In July 1998, Monolithic introduced a series of pipelined-burst static RAM chips for the notebook computer market. In September 1998, it introduced 1T-SRAM, a pseudo-static random-access memory technology. Unlike true static RAM, 1T-SRAM is essentially dynamic RAM, which requires each memory cell to be refreshed constantly. However, 1T-SRAM pairs each bank of cells with true SRAM cache of the same capacity; when more than one read/write operation occurs within a bank, the on-chip memory controller redirects access to the cache, allowing the cells within the bank to be refreshed. All banks not involved in a given transaction are meanwhile refreshed in the background. This effectively achieves SRAM-like performance, without the need for wait states for every recharge cycle. The 1T in 1T-SRAM stands for 1 transistor; in dynamic RAM, typically only one transistor–capacitor pair is needed to build one memory cell, while static RAM commonly requires six transistors. The academics Bruce Jacob, Spencer W. Ng, David T. Wang, writing in the book Memory Systems (2008), called the name a misnomer: "[1-transistor static RAM] is not really possible, but it makes for a catchy name".
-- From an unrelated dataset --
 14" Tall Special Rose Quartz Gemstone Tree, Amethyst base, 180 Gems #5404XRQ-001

In 1999, Nintendo signed a contract with MoSys to use 1T-SRAM in its codenamed Dolphin video game console, later unveiled as the GameCube in 2001. Over 25 million units of 1T-SRAM were produced up to October 2002. A newer version of 1T-SRAM, dubbed 1T-SRAM Classic, was patented and introduced in 2006. Nintendo re-entered a contract with Monolithic to use it in the Wii, in 2006.
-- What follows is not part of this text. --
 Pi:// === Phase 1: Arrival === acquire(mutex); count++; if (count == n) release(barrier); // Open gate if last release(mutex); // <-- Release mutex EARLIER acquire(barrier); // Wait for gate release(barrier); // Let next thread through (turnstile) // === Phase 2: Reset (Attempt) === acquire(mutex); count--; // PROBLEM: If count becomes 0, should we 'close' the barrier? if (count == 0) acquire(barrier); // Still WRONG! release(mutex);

The company began narrowing its chip sales in 1998, in favor of licensing its patents to other semiconductor memory companies. In September 2000, Monolithic's board members voted to reincorporate the company in Delaware. The company still operated within California, relocating its research office to nearby Sunnyvale by June 2001. The same month, the company filed its initial public offering, mediated through A. G. Edwards. The company's stock rose 12 percent within the first day of its launch, leading to a net proceed of $51 million for Monolithic. The Wall Street Journal saw this as a rekindling of interest in technology companies in the stock market, which had fallen in the twilight of the dot-com bubble.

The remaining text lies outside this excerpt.